Here, the court finds that Defendants properly removed this matter from state court based on federal question jurisdiction. Additionally, the court finds that the Younger abstention doctrine does not bar Plaintiff's claims in federal court. Even so, Plaintiff has failed to state a claim for relief arising under federal law and the court thus dismisses those claims pursuant to Federal Rule of Civil Procedure 12(b)(6). Because the court is dismissing Plaintiff's federal causes of action, and because the remainder of Plaintiff's causes of action are distinctly matters of state law, the court declines to exercise supplemental jurisdiction over Plaintiff's remaining claims. This case will thus be remanded to the 59th Judicial District Court, Grayson County, Texas.

The court had federal question jurisdiction at the time of removal.

Section 1441(a) allows for the removal of “any civil action brought in a [s]tate court of which the district courts of the United States have original jurisdiction.” 28 U.S.C. § 1441(a).
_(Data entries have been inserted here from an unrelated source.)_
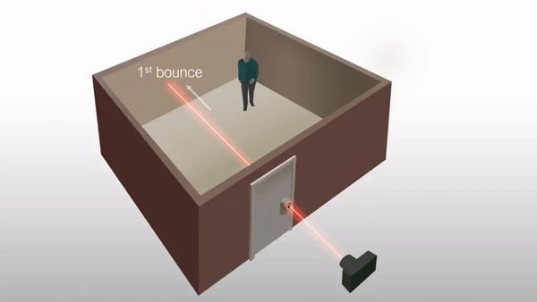 此前,该技术已经利用了像地板或墙壁这样的平面,这些平面一般处于摄像机和被遮挡物体的视线范围内。然后,一系列来自摄像机的激光脉冲,在这些平面的表面上反弹,然后在隐藏的物体上反弹,最终回到摄像机的传感器上。算法利用光反射的时间生成相机看不到的物体图像。
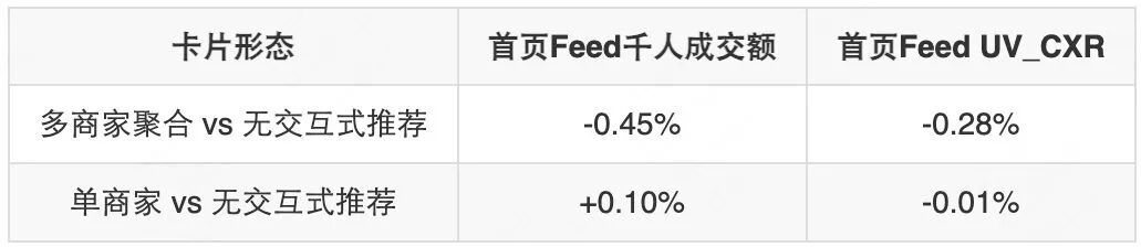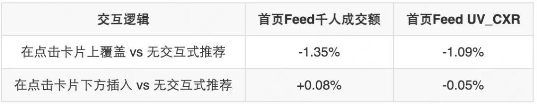 在观测不同产品形态的效果差异时,我们重点关注插入的交互式卡片对于首页Feed的千人成交额的影响,实验数据见下表:
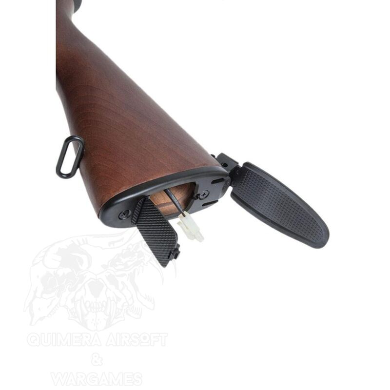 Lo más llamativo de este fusil es el receptor y la culata, que están construidos con su acabado en madera, que le confiere un aspecto auténtico y tradicional. Pese a este aspecto clásico; internamente está equipada con un sistema de gatillo electrónico (ETU) de G&G, que ofrece una respuesta rápida y una mayor eficiencia energética. Esto mejora el rendimiento de disparo y proporciona una experiencia de juego más suave y precisa.
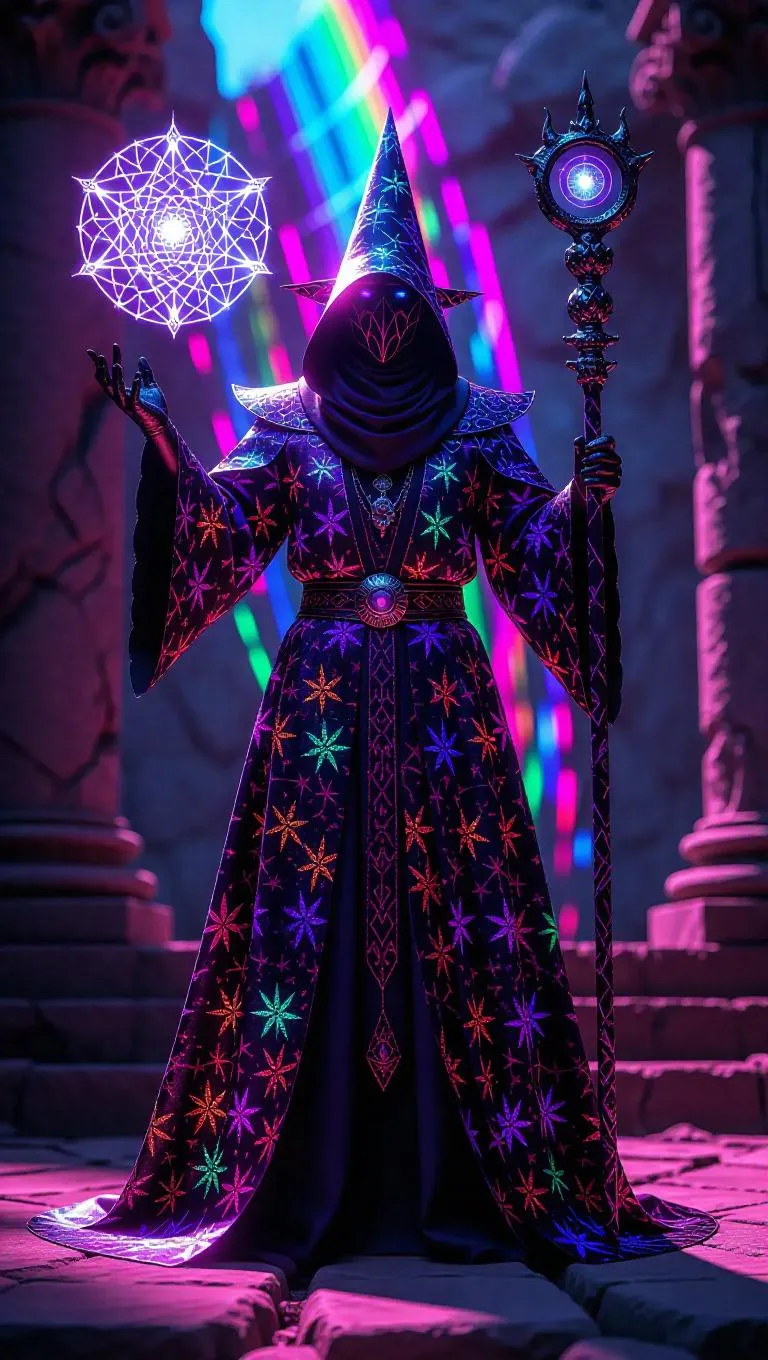 Generate mystical AI art of a masked wizard conjuring prismatic lizards from a kaleidoscopic vortex. Explore fractal energy, arcane symbols, and vivid amethyst hues with bioluminescent dragonflies in a psychedelic, reality-bending scene. Transform text into mesmerizing visuals via AI image generation, blending chromatic crystals, stardust mist, and kaleidoscope-eyed familiars for spellbinding fantasy creations.
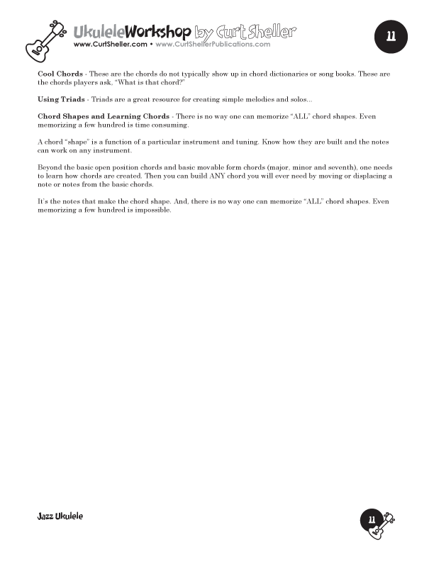 Beyond learning basic Ukulele chords, most players struggle with advanced chords. Commonly called "jazz" chords, these more sophisticated voicings find a wide use in all forms of music. A Guide to Advanced Chords for Ukulele - presents a highly organized and efficient approach to the mysterious subject of advanced chords. Chord dictionaries are not the answer.
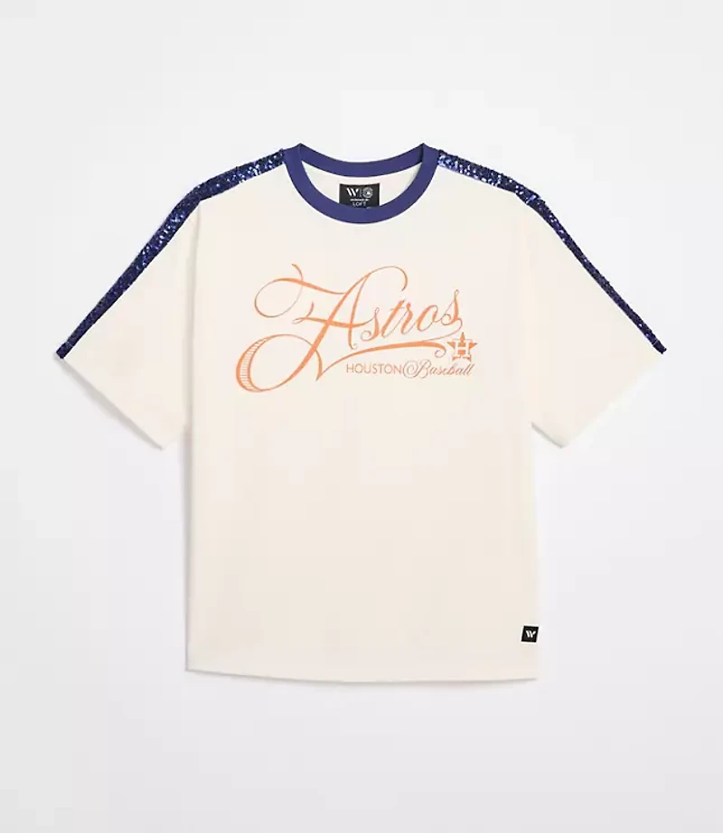 Introducing a collection of MLB styles from Wild Collective, made exclusively for LOFT. A laid - back take on Houston Astros style with this oversized tee designed for all - day ease. The relaxed silhouette pairs with feminine script graphics for a softer, more elevated feel. Finished with subtle trim detailing for an easy, polished look., Imported:, Fabrication: 80% Cotton 20 Polyester, Garment Care: Machine Washable Loft Wild Collective Astros Oversized T - Shirt Size XS Blue / White Women's by Loft Size Regular - XS Blue / White Women's Tops, Casual 80% Cotton 20% Polyester Machine Washable
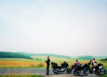 Ein Rundumblick lässt einen freundlichen und warmen Tag erwarten. Wie in den letzten Tagen rödelt man das Gepäck gemächlich auf. Anschließend setzen wir uns zusammen, um über den weiteren Verlauf des letzten Tourabschnitts zu beraten. Wir kommen überein, zuerst kurz in die Innenstadt von Marburg einzutauchen, um dann Richtung Niederwalgen und Bieber aus dem Dunstkreis der Uni-Stadt zu verschwinden. Zur Zeit kann ich gar nicht mehr wiedergeben, wie wir schließlich in die Nähe von Eschenburg gelangt sind; ich gehe mal davon aus, dass im Grunde nicht der ganze gekennzeichnete Kurs abgefahren wurde. Als Mitfahrer im „Rudel” ist der ständige Blick auf die Karte und das Entziffern der Ortsschilder nicht unbedingt mehr nötig, denn Ingo hat seine Aufgabe als Tour-Guide sehr gut absolviert. So taucht unsere Gruppe schließlich vor der Hainicher Höhe kurz hinter Dietzhölztal auf.

As is relevant here, federal question jurisdiction exists when a case or controversy arises under the Constitution, laws, or treaties of the United States. 28 U.S.C. § 1331. The presence or absence of federal question jurisdiction is governed by the well-pleaded complaint rule, which provides that federal jurisdiction exists only when a federal question is presented on the face of the plaintiff's properly pleaded complaint. Rivet v. Regions Bank of La., 522 U.S. 470, 475 (1998).
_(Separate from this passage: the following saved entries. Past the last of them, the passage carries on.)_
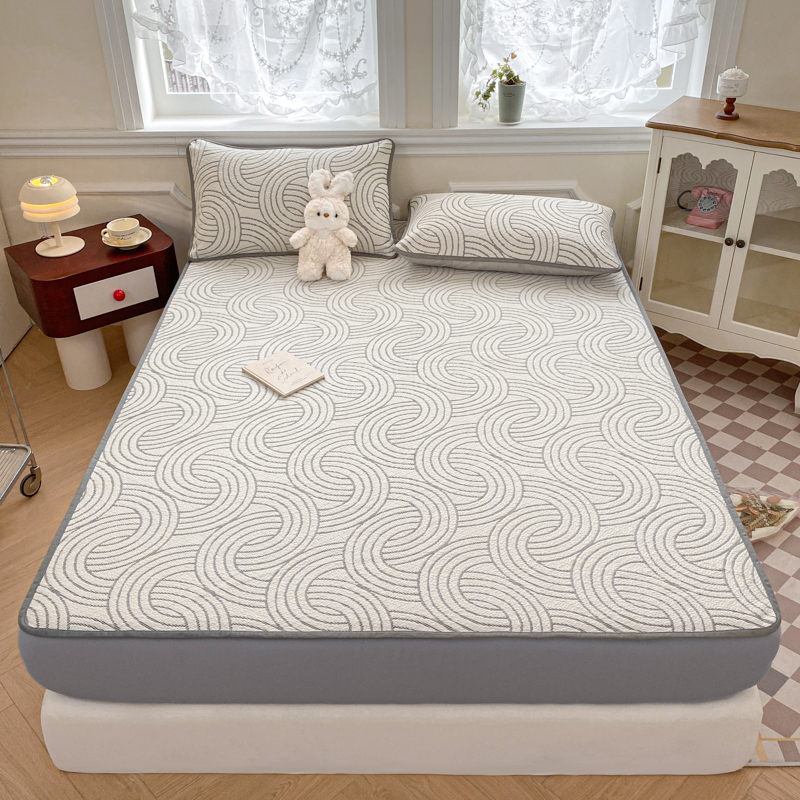 • 91家纺网 家纺一手货源 找家纺 迪梦思家纺  2025新款针织棉提花防水床笠 环带纹-星灰
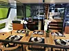 Den 24 meter lange båten som ble vist på årets messe var ikke noe unntak når det gjelder bekledningen av solcellepanel, som også setter en viss stemning i salongen, med lyset som skinner gjennom solcellene og inn. Ifølge verftet egner båten seg godt til kalde dager, med å holde godt på varmen. Men også de dagene sola steker kan man få behagelig klima innvendig, enten ved hjelp av båtens aircondition-anlegg, eller senke de elektriske vinduene rundt i hovedsalongen. Til middagen kan man slippe inn så mye havbris man måtte ønske. Vil man heller sitte ute, er det ene akterdekket på ikke mindre enn 65 kvadratmeter, og skal være båtens sosiale samlingspunkt. Rundt teakbordet skal det være plass til ti personer. Og skulle det likevel bli for mye trekk, er det bare å skyve ut vindskjermene i glass, som er skjult i en fordypning i overbygget. Akterdekket fungerer også som hjemmekino, med en enorm storskjerm som heises opp ved behov.
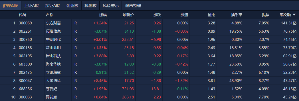 沪深两市全天成交额1.47万亿,较上个交易日放量1321亿。个股方面,东方财富成交额超141亿元居首,拓维信息、宁德时代、常山北明成交额靠前。
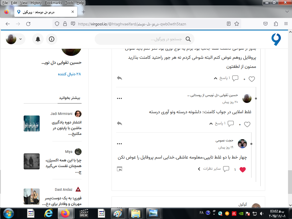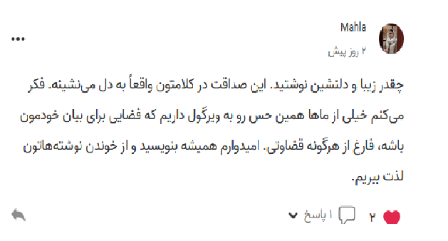 کامنت های نابودکننده : اینقدر ر روحیه لطیفی دارم می خواستم به خاطر همین کامنت بی خیال ویرگول شم اسم پروفایلمم هم عوض کردم عاشق شعر به زباله دان تاریخ پیوست.
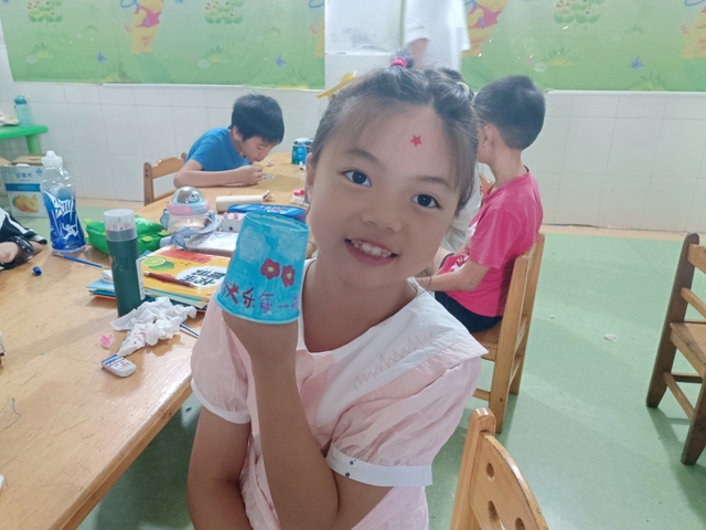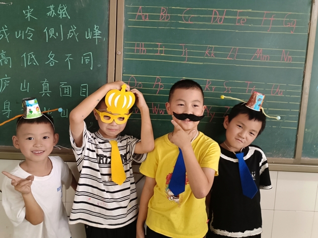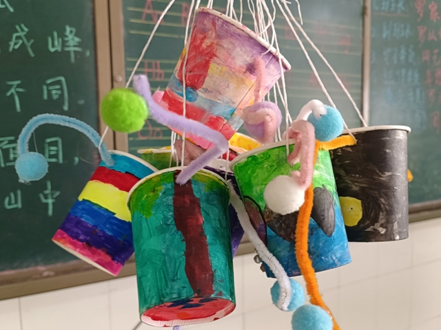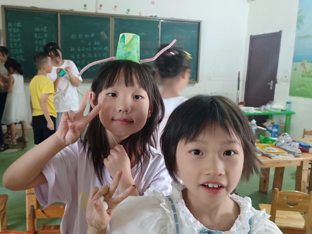 (图为最后学生做好手工后带上自己所作的手工的合影)

Here, as alleged by Defendants in their Notice of Removal, (Dkt. #1), Plaintiff asserts that Defendants' actions are preempted by 49 U.S.C. 31114(a) and 23 C.F.R. § 658.19 (Dkt. #1, Exhibit 7 at p. 18). Plaintiff further alleges that Defendants' actions constitute an uncompensated taking under the Fifth Amendment to the United States Constitution (Dkt. #1, Exhibit 7 at p. 21). Thus, because Plaintiff plead a federal question on the face of its Petition, the court had jurisdiction at the time of removal.

The Younger abstention doctrine does not bar Plaintiff's claims.

In its Motion, Defendants argue that the court should dismiss Plaintiff's claims for declaratory and injunctive relief for lack of jurisdiction under Federal Rule of Civil Procedure 12(b)(1) pursuant to the Younger abstention doctrine (Dkt. #10 at p. 4). Defendants argue that any grant of injunctive or declaratory relief by this court would interfere with ongoing state judicial proceedings, namely the citations issued to the truck drivers (Dkt. #10 at p. 4). In Response, Plaintiff argues the Younger abstention is inapplicable because it alleges that the “traffic citations issued to the individual truck drivers. . .are peripheral to the core issue-[Plaintiff's] challenge to the City of Denison's unlawful closure of a public roadway to commercial truck traffic.” (Dkt. #26 at p. 5).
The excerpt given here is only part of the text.